Task prompt » Output the data in full. Keep every word exact and exclude the pictures.

Dataset excerpt »
>>
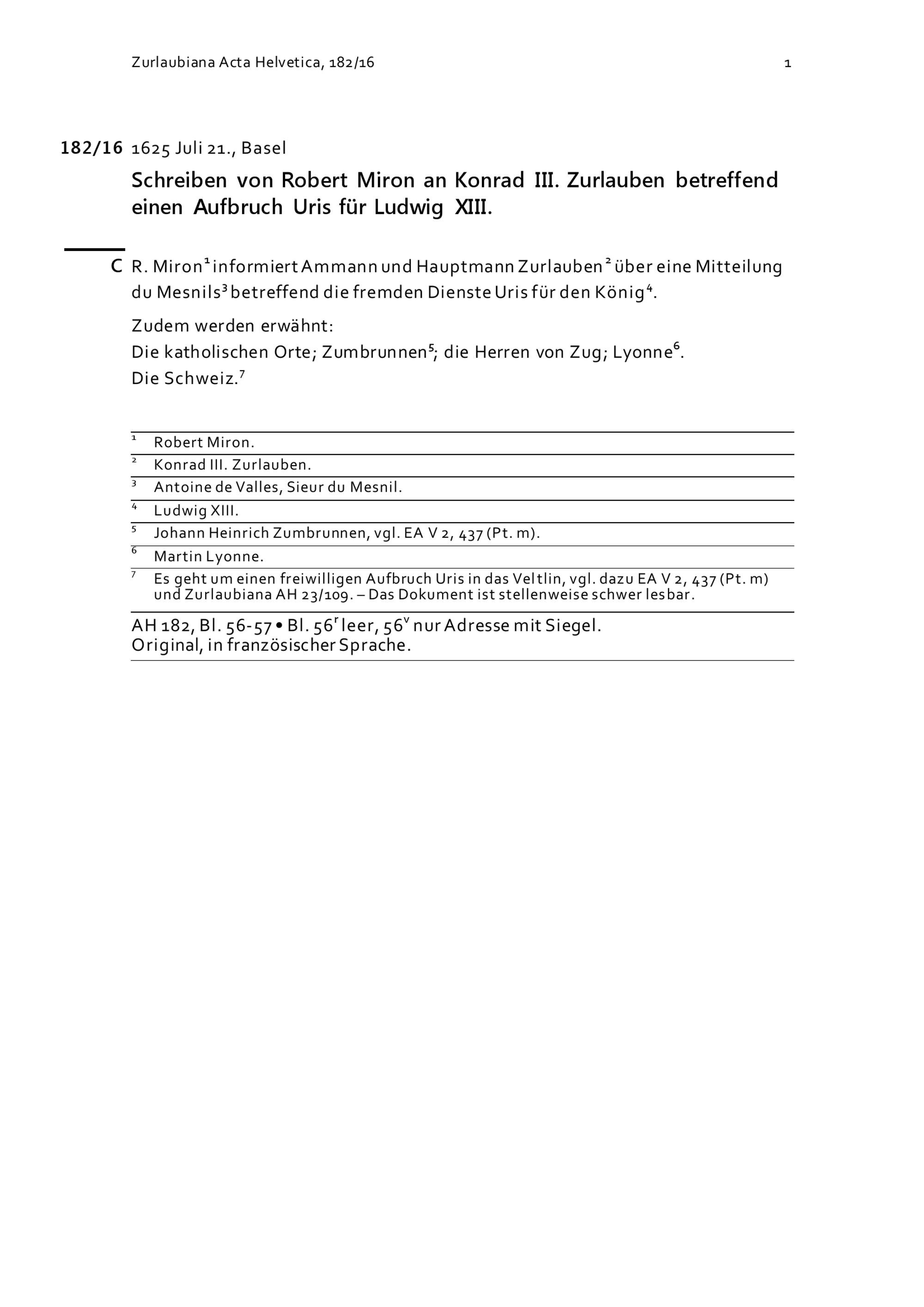 Schreiben von Robert Miron an Konrad III. Zurlauben betreffend einen Aufbruch Uris für Ludwig XIII.
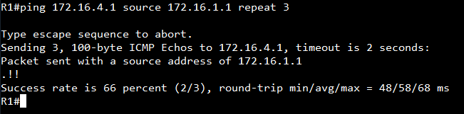 ping 172.16.1.1 source 172.16.4.1 repeat 3
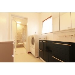 物干しのしやすい動線でゆったりとした洗面脱衣室
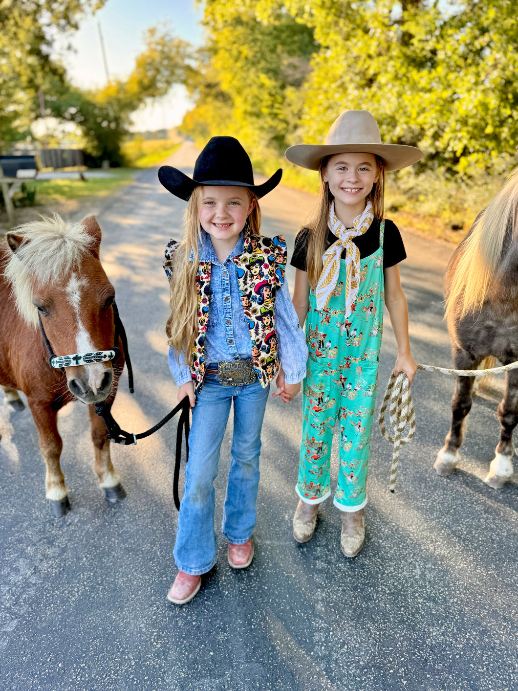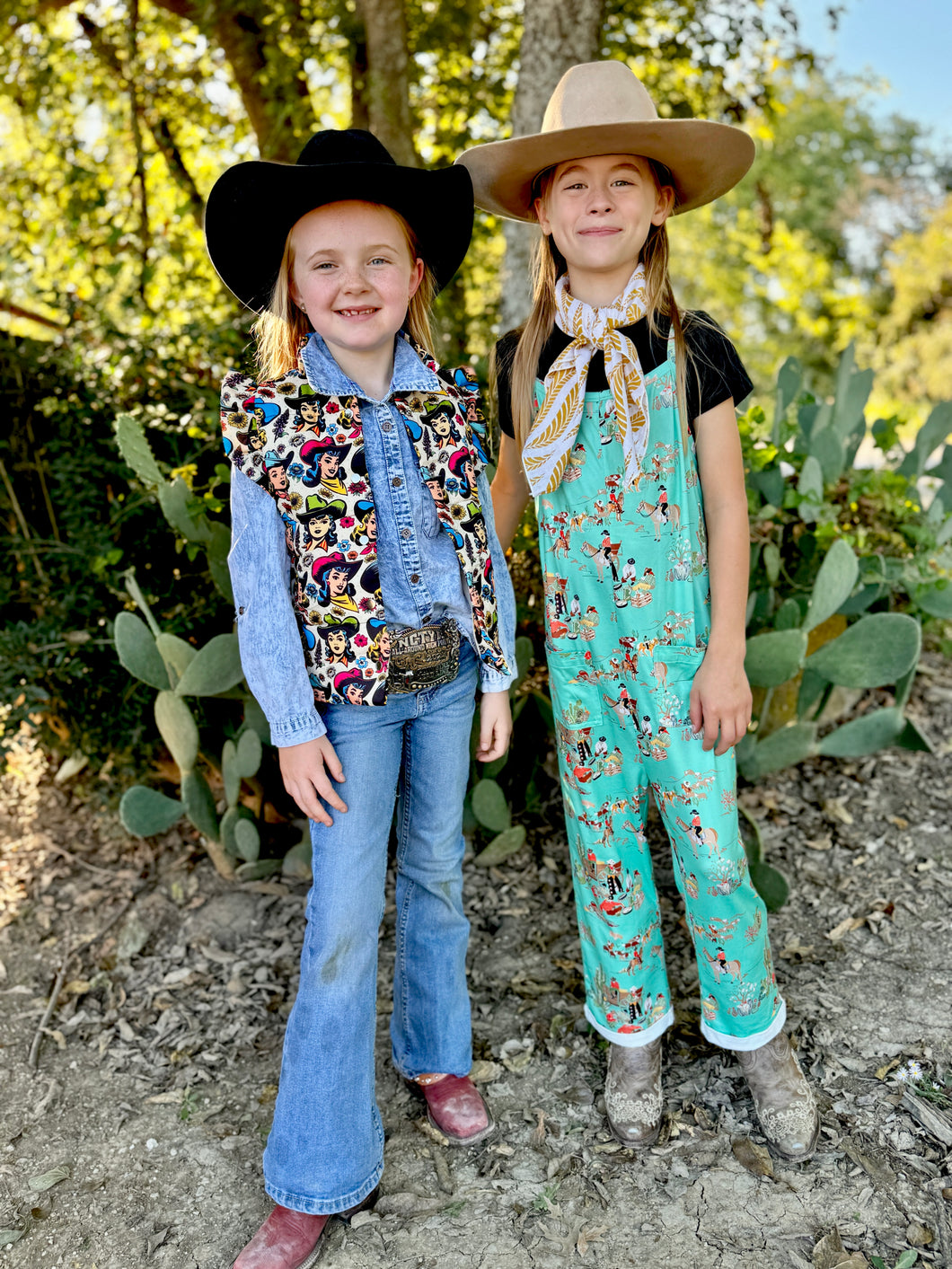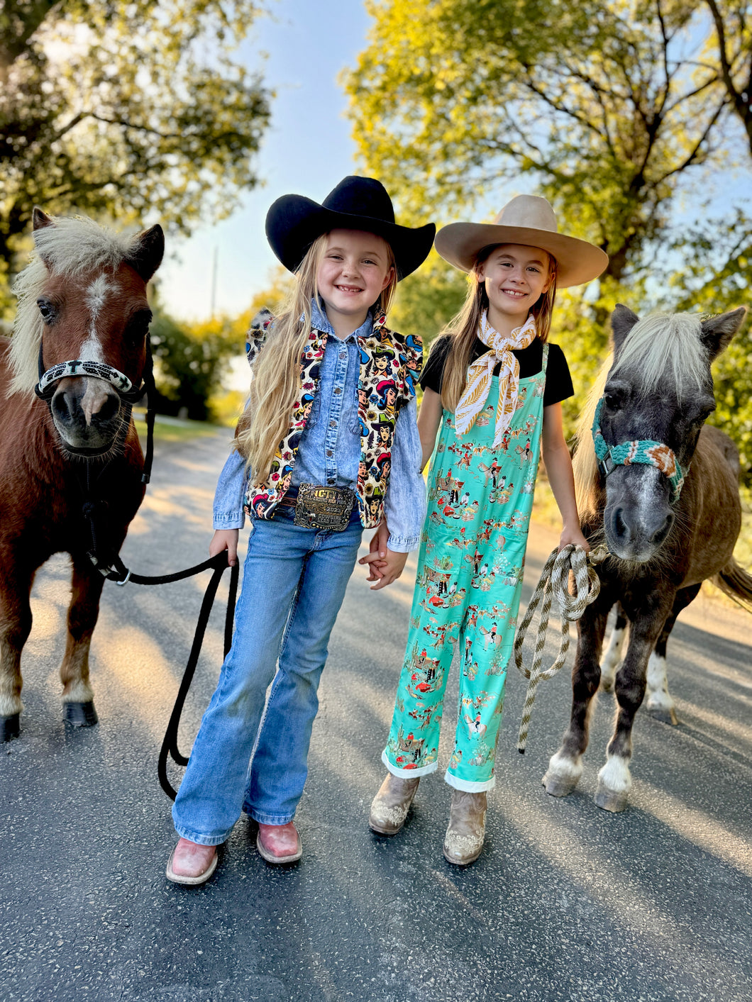 Get ready for some wild west fun with The Little turquoise wagon jumper! This playful jumpsuit features adjustable straps and front pockets, perfect for storing little treasures. The fun colorful western print adds a bold touch to this relaxed baggy style fit. Fashion for the little girls who are ready to saddle up and adventure!
<<
Answer below »
 Schreiben von Robert Miron an Konrad III. Zurlauben betreffend einen Aufbruch Uris für Ludwig XIII.
 ping 172.16.1.1 source 172.16.4.1 repeat 3
 物干しのしやすい動線でゆったりとした洗面脱衣室
 Get ready for some wild west fun with The Little turquoise wagon jumper! This playful jumpsuit features adjustable straps and front pockets, perfect for storing little treasures. The fun colorful western print adds a bold touch to this relaxed baggy style fit. Fashion for the little girls who are ready to saddle up and adventure!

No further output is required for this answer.